I'm attempting to replace certain words (essentially the 2nd word of each line) in a text file, and then write them back out to either a new file, or overwrite the existing file.

I thought I was making progress, but when I went to write to a new file, I got an error saying I couldn't write a list to a text file. I can't simply replace a word for another word, because I have an 'else' clause that covers any word that doesn't match the others I need to replace.

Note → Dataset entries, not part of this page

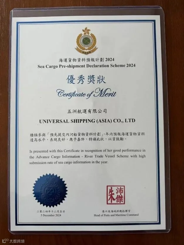 五洲航运作为注册地在香港的支线海运企业,始终积极配合香港政府部门,高标准完成海运货物资料预申报工作,全年预报水平表现卓越,香港海关特颁奖状嘉许鼓励。
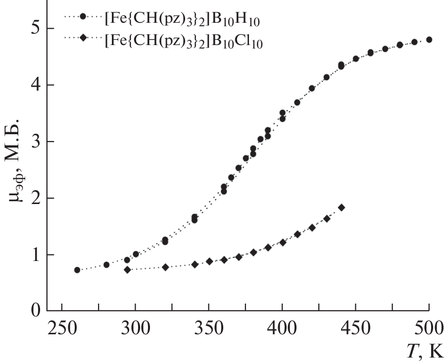 The results of synthesis and study of magnetically-active iron(II) complexes with polynitrogen heterocyclic ligands and outer-sphere boron cluster anions have been considered. Derivatives of 1,2,4-triazole, tris(pyrazol-1-yl)methane, and 2,6-bis(imidazol-2-yl)pyridine have been used as ligands, decahydro-closo-decaborate, dodecahydro-closo-dodecaborate, decachloro-closo-decaborate, and 1,5,6,10-tetra(R)-7,8-dicarba-nido-undecaborates (R = H, Cl, Br) have been studied as outer-sphere anions. A number of iron(II) complexes showing spin crossover accompanied by thermochromism in the majority of cases has been obtained. Effect of ligand nature and cluster anion on temperature (Tc) and spin transition character has been considered. In particular, it has been shown that introduction of substituent increasing electron density over the system of conjugated three-centered two-electron bonds in cluster anion leads to increase in the field strength of ligand bound to anion via network of hydrogen bonds.
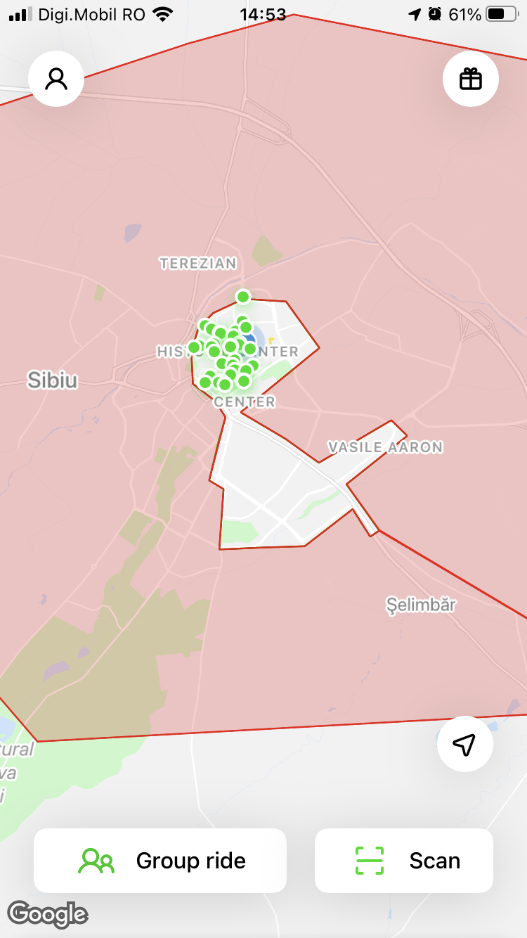 Ne-am trezit într-o dimineață cu tot orașul plin de trotinete, iar tinerii nici n-au stat pe gânduri până să le închirieze. Așa că duminică, după un prânz copios, mă îndreptam spre casă și, având deja instalată aplicația, am decis să iau o trotinetă. M-am descurcat ușor cu primii pași - închirierea se face prin scanarea unui cod QR de pe ghidon, iar trotineta pornește automat. De aici au început peripețiile. Pornirea de pe loc m-a luat prin surprindere, pentru că nu mă mai urcasem de mult timp pe o trotinetă electrică și atunci când am apăsat pe accelerație, aproape a plecat fără mine. Odată ce m-am obișnuit cu ea, drumul până acasă a fost lejer. Vorba vine „până acasă”, pentru că harta din aplicație m-a atenționat că nu am voie să parchez oriunde în Sibiu. Așa se face că am făcut cale întoarsă de la Profi-ul de pe Calea Cisnădiei, acolo unde voiam să parchez inițial, până la intersecția cu Rahovei, unde harta îmi arăta că este zona verde pentru a lăsa trotineta.
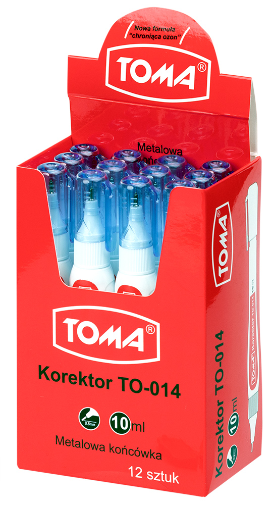 Metalowa końcówka z kulką 1 mm, szybkoschnący płyn korekcyjny, bez toksycznych rozpuszczalników, zawartość ok. 10 ml.
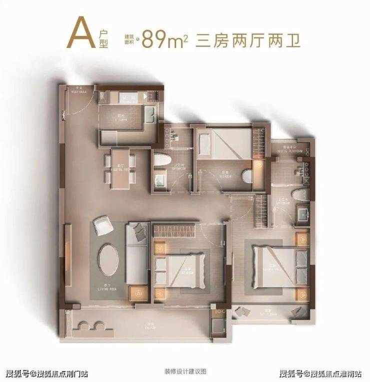 建筑面积约89㎡户型做到三房两厅两卫,三开间朝南,主卧还配有独立卫生间。南向建筑约6.4米阳台。还有开放式的餐客厅一体化设计,舒适宽敞。
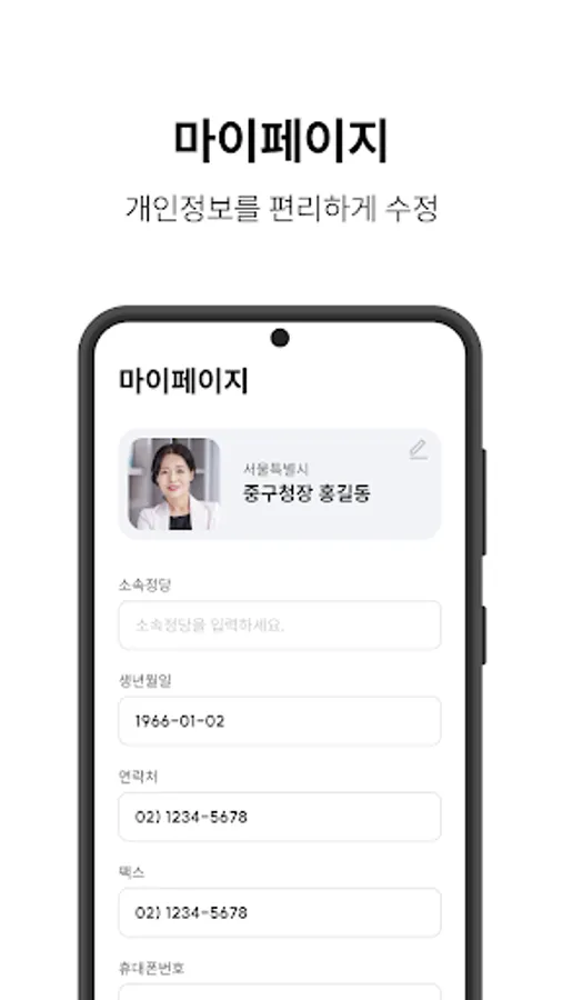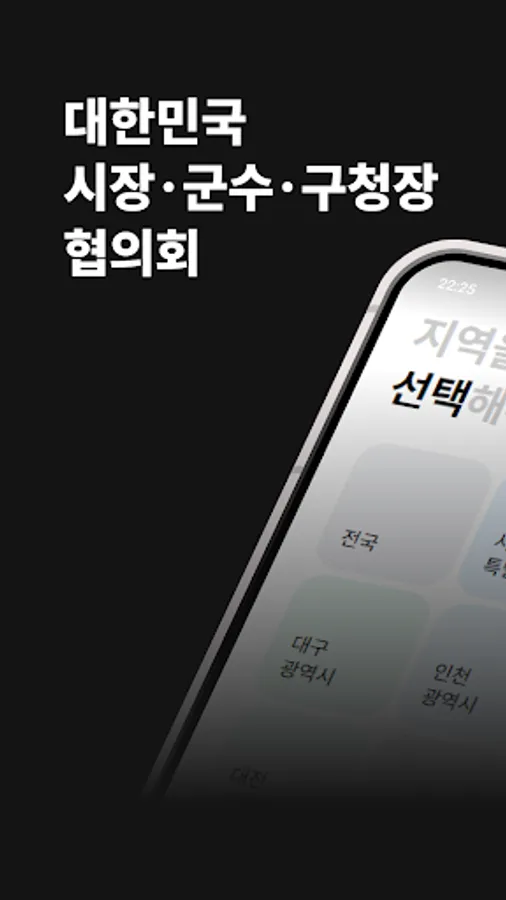 It provides information such as the introduction of the co-chairs of the Korea Mayor/Gun/Gu Heads Association, photos and biographical information of regional heads of local governments, contact information for the Secretariat of the Council, and contact information for related organizations.
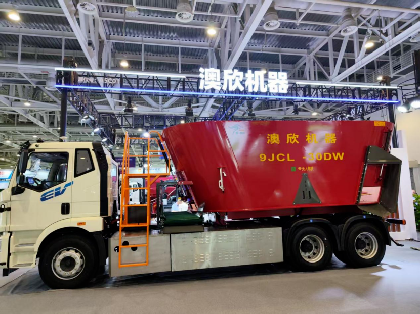 經過三年多技術攻關,澳欣機械已經陸續研發出了四大系列新能源無人駕駛的飼喂車輛(無人車載式制備機、無人撒料車、無人推料車、無人剩料收集車),可以滿足大型牧場各種飼喂模式的設備需求,可以替換牧場目前所有在用的人工駕駛柴油車輛進行飼喂生產作業。
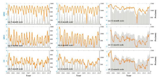 3.2. Correlation Analysis of SPCI/SPEI with CI at Different Time Scales
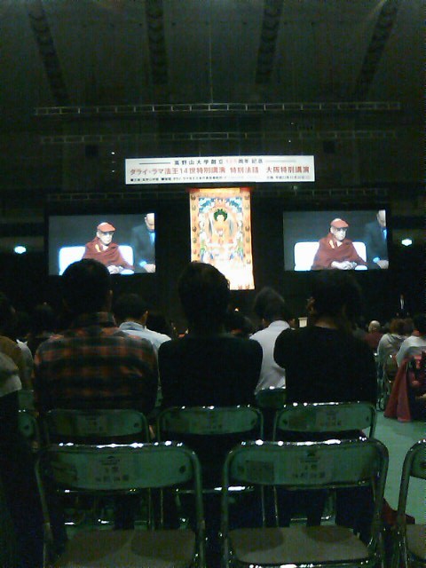昨日大阪の舞州で行われたダライラマ14世の講演はこころに響く内容でした。 ダライ・ラマのダライとはモンゴル語で「大海」を、そしてラマはチベット語で「上人」を意味します。 そして人々を救うために輪廻を繰り返すダマイラマはチベット仏教において慈悲の菩薩である観音の化身として尊崇されてきました。 この方、テンジンギャツオ僧侶がその14代目となります。 (人生の本当の意味 ) 14thダライラマ 私たちはこの惑星の一時滞在者です。私たちがここにいるのはせいぜい90年か100年に過ぎません。その間私たちは、自分の人生によって、何か善いこと、役に立つことをしようと努めなければなりません。もしもあなたが他の人々の幸福に寄与するならば、あなたは本当のゴールを見つけるでしょう。それが人生の本当の意味なのです。 講演中も氏はしきりに「慈悲の心」を説いておられました。 「相手の苦しみが和らげばいいと思いなさい。」「やさしさと思いやりを高める方法を知りなさい。」「空とは無(何もないということ)ではなく、すべてのものは他の存在に依存して存在しているということです。その空の意味を知る知恵を育みなさい。」「まず自分を愛しなさい。」「人も動物もこの世のすべてのものを母と考え、いとしく思いなさい。前世においては母であったかもしれません。」「心をリラックスさせ休息をとりなさい。」「苦しみから救われたいと思うだけでなく自分で働きかける菩提心を持ちなさい。」 このように、私たちに数々のメッセージを残されました。 次から次と溢れ出す言葉には似つかわない衣とお揃いの赤いサンバイザー(ライトがまぶしいのでという)がとても印象的でした。
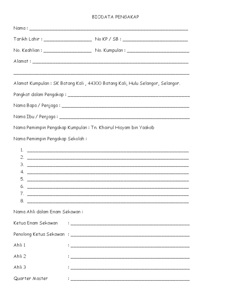 Biodata Pengakap Kanak Kanak Untuk Buku Log Pdf
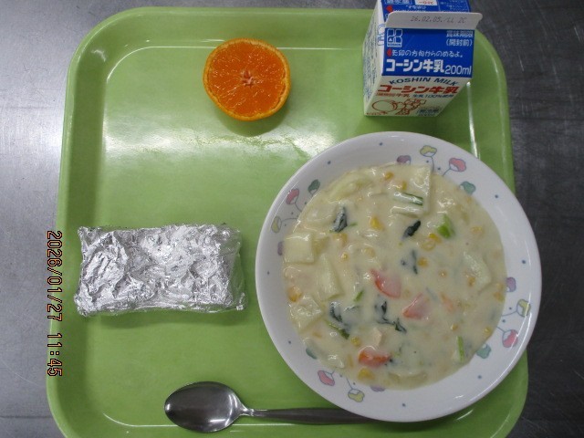 ガーリックトースト 米粉のシチュー みかん 牛乳
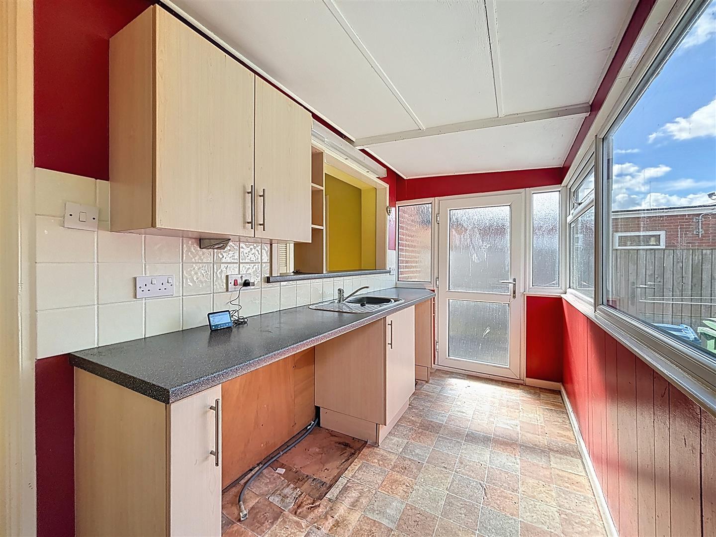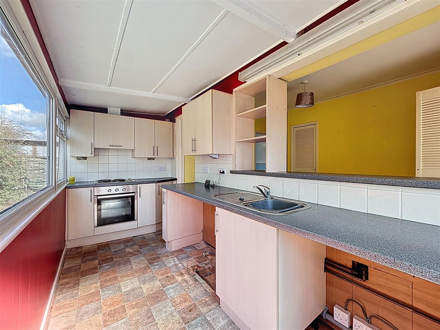 Window to door to rear, fitted wall and base units, stainless steel single drainer and bowl sink, built in electric hob and oven, extractor hood, space for under counter fridge and space and plumbing for washing machine.
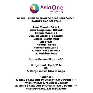 DI JUAL RUKO DAERAH GADING SERPONG DI TANGERANG SELATAN Luas Tanah : 54 m2 Luas Bangunan : 100 m2 Kamar Mandi : 2 Jumlah Lantai : 2 Lantai Listrik : 3.300 Watt Air : PAM Hadap : Barat Keterangan Lain : 1. Posisi ruko di hoek 2. Parkiran luas Status Kepemilikan : HGB Harga Jual : Rp, 1,95 M NB. 1. Harga masih bisa di nego Hubungi : 1. Tanu ( ASIA ONE PROPERTY KAYU PUTIH ) –> ******** Stella ( ASIA ONE PROPERTY KAYU PUTIH ) –> ******** #property

Here's an example of the text I'm trying to modify, this text is contained in a .txt file:

id int,
organization_id int,
billing_month date,
fee_type varchar(100),
rate float,
price float,
uom varchar(25),
amount float,
currency_code_id float,
process_ts timestamptz NOT NULL DEFAULT (now())::timestamptz(6)

I'd like to change:

'int' --> 'BIGINT'
'numeric' --> 'DOUBLE'
'float' --> 'DOUBLE'
ELSE other data type --> 'STRING' .  

In the original data, notice that some have other characters, such as "varchar(100)" - I'd like to replace those with "STRING" and eliminate the '(100)' piece as well.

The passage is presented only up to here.